I demonstrate constructing tables this way below, exploring the Cars93
(MASS) data set.
# Two-way table exploring origin and type
tab1 <- xtabs(~Origin + Type, data = Cars93)
tab1
## Type
## Origin Compact Large Midsize Small Sporty Van
## USA 7 11 10 7 8 5
## non-USA 9 0 12 14 6 4
# A three-way table
tab2 <- xtabs(~Origin + Type + Cylinders, data = Cars93)

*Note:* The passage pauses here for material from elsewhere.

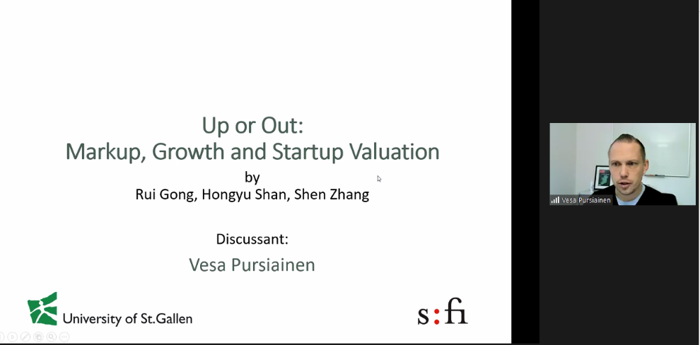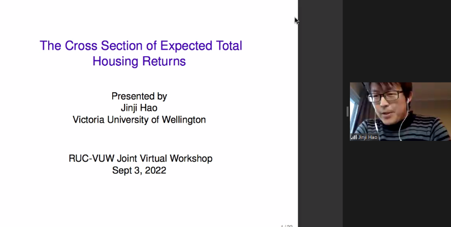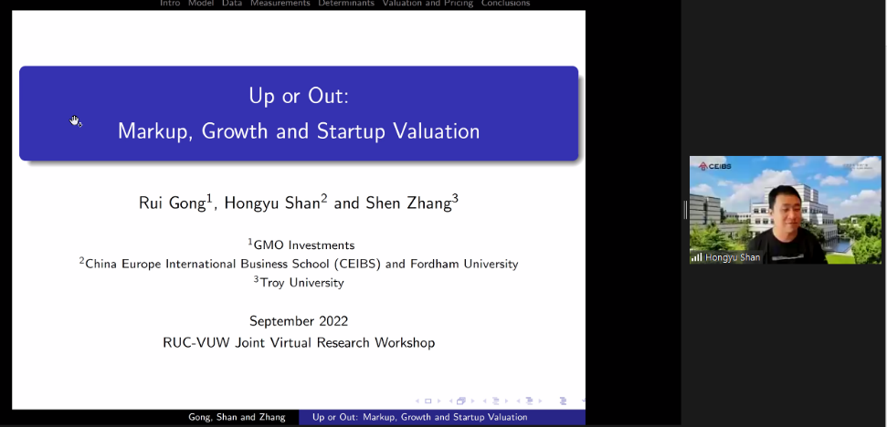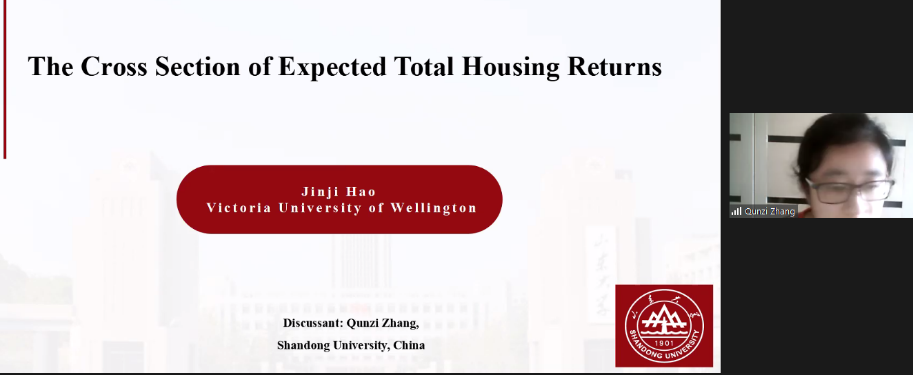 下午会议的第一部分。来自惠灵顿维多利亚大学的Jinji Hao、中欧国际工商大白预测 的单宏宇分享了论文。Jinji Hao题为The Cross-Section of Expected Total Housing Returns的文章研究了预期住房总收益的截面决定因素,发现了显著的价值效应、动量效应和逆转效应。山东大学的张群姿点评了这篇论文。单宏宇题为Up or Out:Markup,Growth and Startup Valuation的文章研究了企业如何在盈利能力、增长和估值等战略目标中平衡,讨论了使得企业估值接近其盈利能力的条件。圣加仑大学的Vesa Pursiainen点评了这篇文章。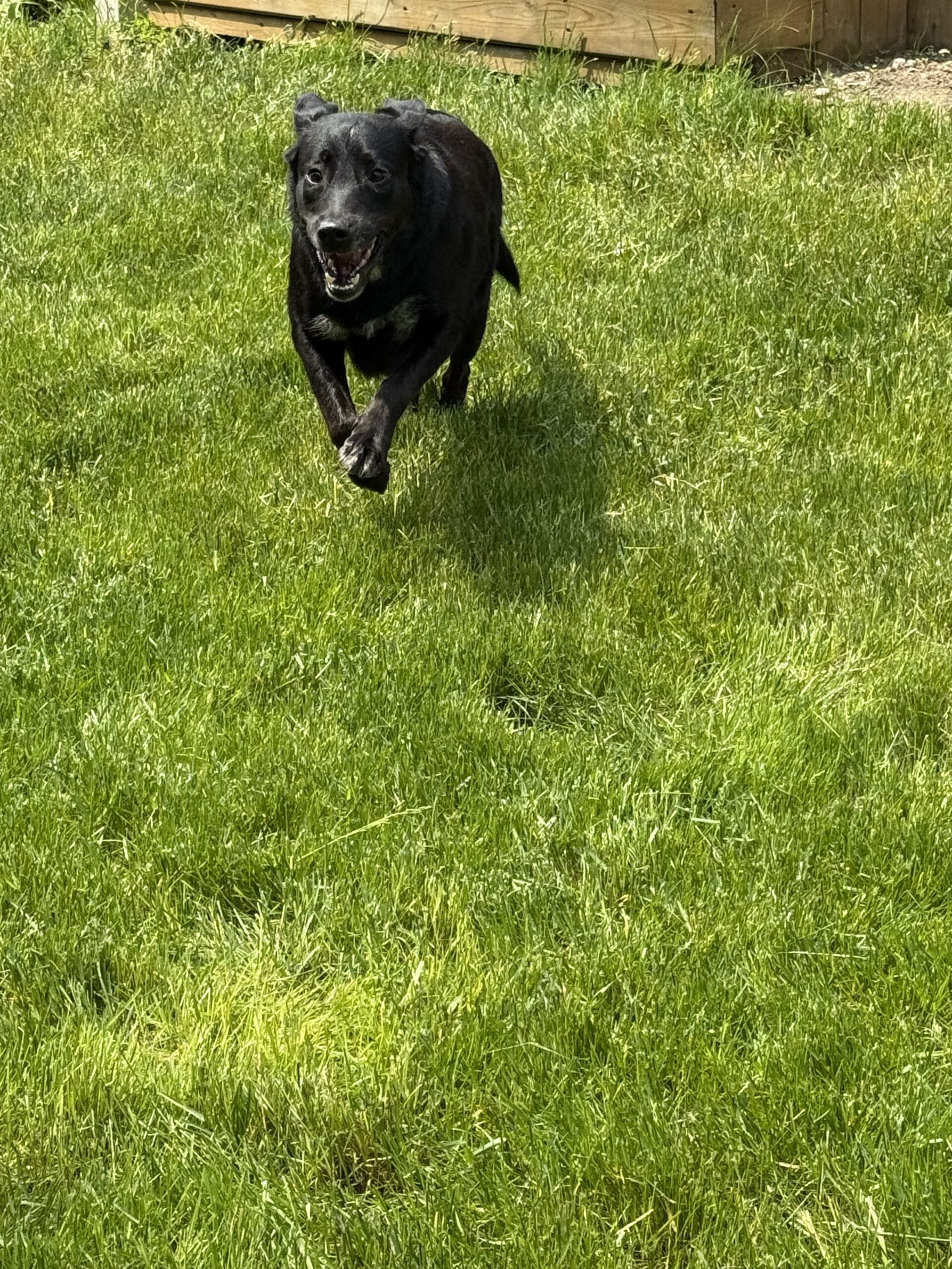 She is allowed on the furniture and enjoys being cuddled on the couch or lazyboy.  She sleeps on a doggie bed at night. As she has some herding breed in her,  she would have a prey drive so a fully fenced yard is best so she wont't go chasing after the neighbourhood cats or squirrels.

# The following output is hard to parse
tab2
## , , Cylinders = 3
##
## Type
## Origin Compact Large Midsize Small Sporty Van
## USA 0 0 0 0 0 0
## non-USA 0 0 0 3 0 0
##
## , , Cylinders = 4
##
## Type
## Origin Compact Large Midsize Small Sporty Van
## USA 7 0 4 7 4 0
## non-USA 8 0 3 11 4 1
##
## , , Cylinders = 5
##
## Type
## Origin Compact Large Midsize Small Sporty Van
## USA 0 0 0 0 0 0
## non-USA 0 0 1 0 0 1
##
## , , Cylinders = 6
##
## Type
## Origin Compact Large Midsize Small Sporty Van
## USA 0 7 5 0 3 5
## non-USA 1 0 7 0 1 2
##
## , , Cylinders = 8
##
## Type
## Origin Compact Large Midsize Small Sporty Van
## USA 0 4 1 0 1 0
## non-USA 0 0 1 0 0 0
##
## , , Cylinders = rotary
##
## Type
## Origin Compact Large Midsize Small Sporty Van
## USA 0 0 0 0 0 0
## non-USA 0 0 0 0 1 0
# This is easier to read
ftable(tab2, row.vars = 2, col.vars = c(1, 3))
## Origin USA non-USA
## Cylinders 3 4 5 6 8 rotary 3 4 5 6 8 rotary
## Type
## Compact 0 7 0 0 0 0 0 8 0 1 0 0
## Large 0 0 0 7 4 0 0 0 0 0 0 0
## Midsize 0 4 0 5 1 0 0 3 1 7 1 0
## Small 0 7 0 0 0 0 3 11 0 0 0 0
## Sporty 0 4 0 3 1 0 0 4 0 1 0 1
## Van 0 0 0 5 0 0 0 1 1 2 0 0
# A four-way table
tab3 <- xtabs(~Origin + Type + Cylinders + Man.trans.avail, data = Cars93)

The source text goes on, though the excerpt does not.